Look below for the line with "リビングやキッチンにそのまま" and the line with "Общая площадь —". Copy exactly those two lines and every line between, but not the pictures.

** RECORD EXCERPTS follows **

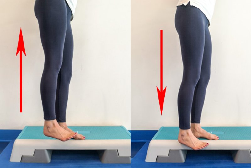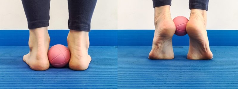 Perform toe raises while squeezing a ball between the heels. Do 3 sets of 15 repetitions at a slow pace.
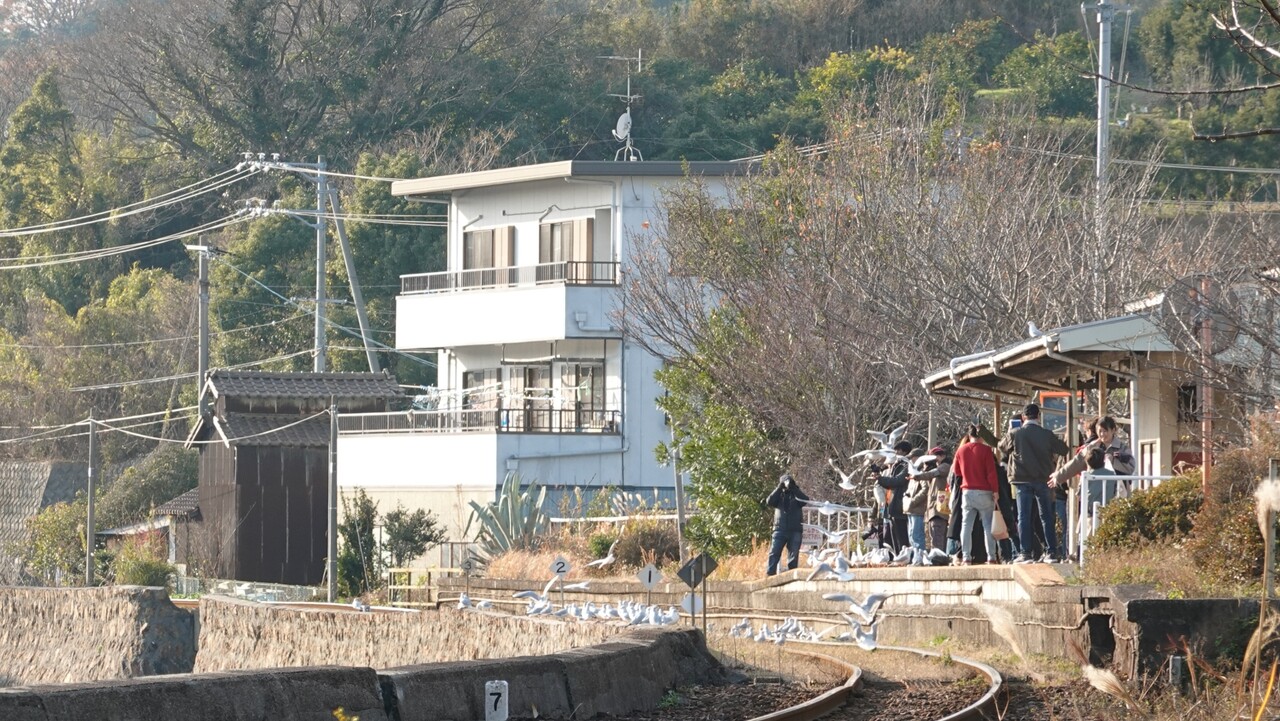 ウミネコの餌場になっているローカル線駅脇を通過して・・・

** End of RECORD EXCERPTS **
** RECORD EXCERPTS follows **

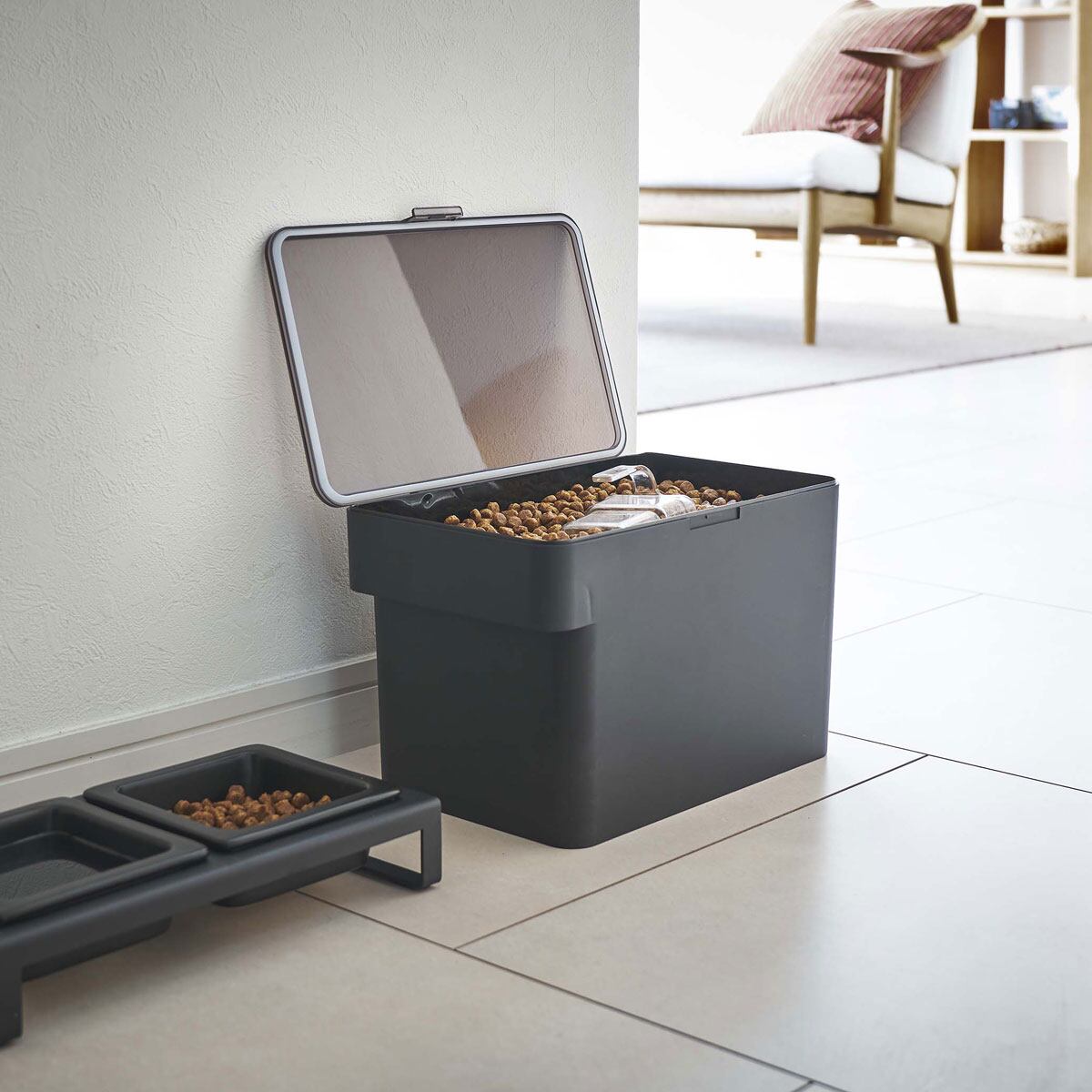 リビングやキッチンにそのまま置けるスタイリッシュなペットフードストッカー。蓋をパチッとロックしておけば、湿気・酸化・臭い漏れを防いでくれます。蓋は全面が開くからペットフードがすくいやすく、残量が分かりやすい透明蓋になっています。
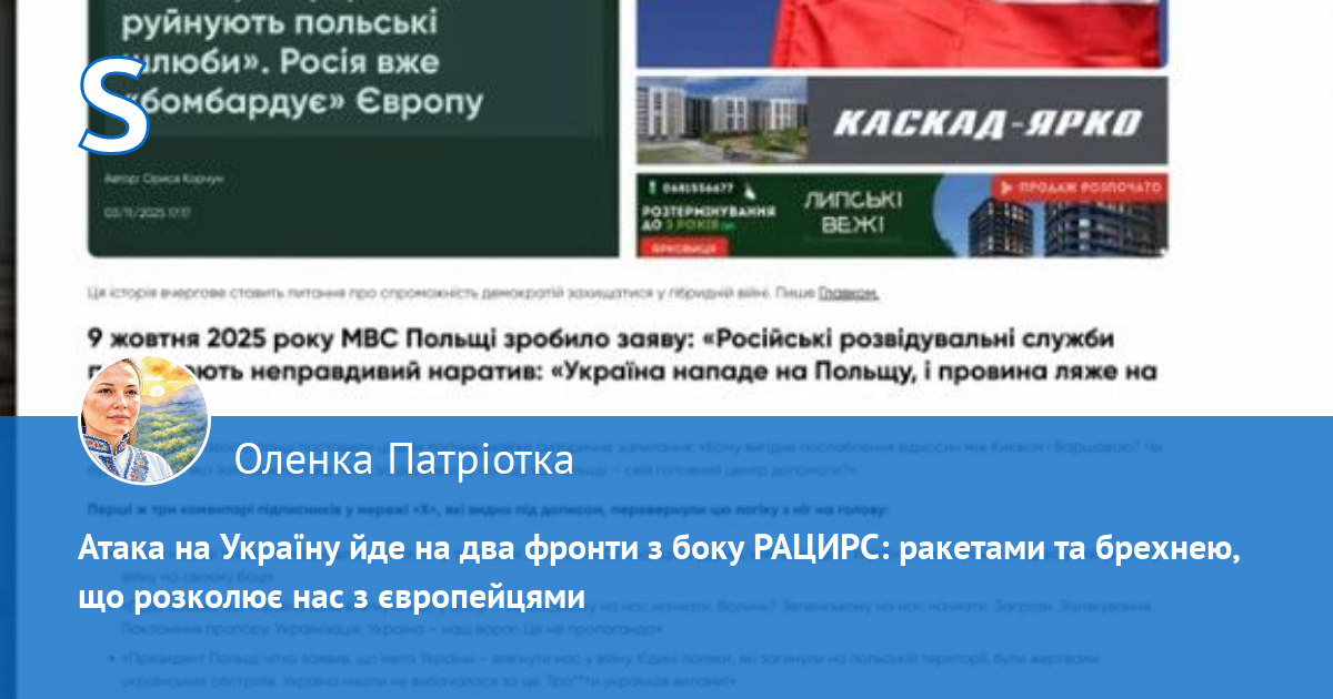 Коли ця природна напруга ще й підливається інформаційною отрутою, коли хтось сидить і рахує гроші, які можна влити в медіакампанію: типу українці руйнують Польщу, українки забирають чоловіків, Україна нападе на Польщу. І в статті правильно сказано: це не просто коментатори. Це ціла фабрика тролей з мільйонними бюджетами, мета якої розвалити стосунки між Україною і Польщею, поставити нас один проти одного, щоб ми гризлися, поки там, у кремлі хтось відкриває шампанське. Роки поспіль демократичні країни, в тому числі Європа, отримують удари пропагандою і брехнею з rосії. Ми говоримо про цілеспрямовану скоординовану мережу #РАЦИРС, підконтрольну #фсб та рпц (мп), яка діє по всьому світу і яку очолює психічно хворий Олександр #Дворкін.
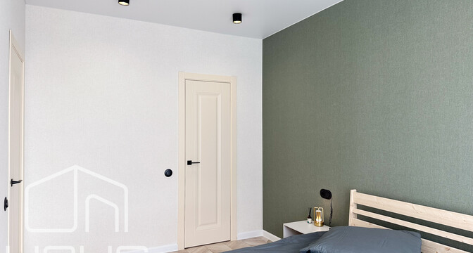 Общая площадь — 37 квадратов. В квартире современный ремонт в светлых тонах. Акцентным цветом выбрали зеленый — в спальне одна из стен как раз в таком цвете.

** End of RECORD EXCERPTS **

COMPLETED TASK>
 リビングやキッチンにそのまま置けるスタイリッシュなペットフードストッカー。蓋をパチッとロックしておけば、湿気・酸化・臭い漏れを防いでくれます。蓋は全面が開くからペットフードがすくいやすく、残量が分かりやすい透明蓋になっています。
 Коли ця природна напруга ще й підливається інформаційною отрутою, коли хтось сидить і рахує гроші, які можна влити в медіакампанію: типу українці руйнують Польщу, українки забирають чоловіків, Україна нападе на Польщу. І в статті правильно сказано: це не просто коментатори. Це ціла фабрика тролей з мільйонними бюджетами, мета якої розвалити стосунки між Україною і Польщею, поставити нас один проти одного, щоб ми гризлися, поки там, у кремлі хтось відкриває шампанське. Роки поспіль демократичні країни, в тому числі Європа, отримують удари пропагандою і брехнею з rосії. Ми говоримо про цілеспрямовану скоординовану мережу #РАЦИРС, підконтрольну #фсб та рпц (мп), яка діє по всьому світу і яку очолює психічно хворий Олександр #Дворкін.
 Общая площадь — 37 квадратов. В квартире современный ремонт в светлых тонах. Акцентным цветом выбрали зеленый — в спальне одна из стен как раз в таком цвете.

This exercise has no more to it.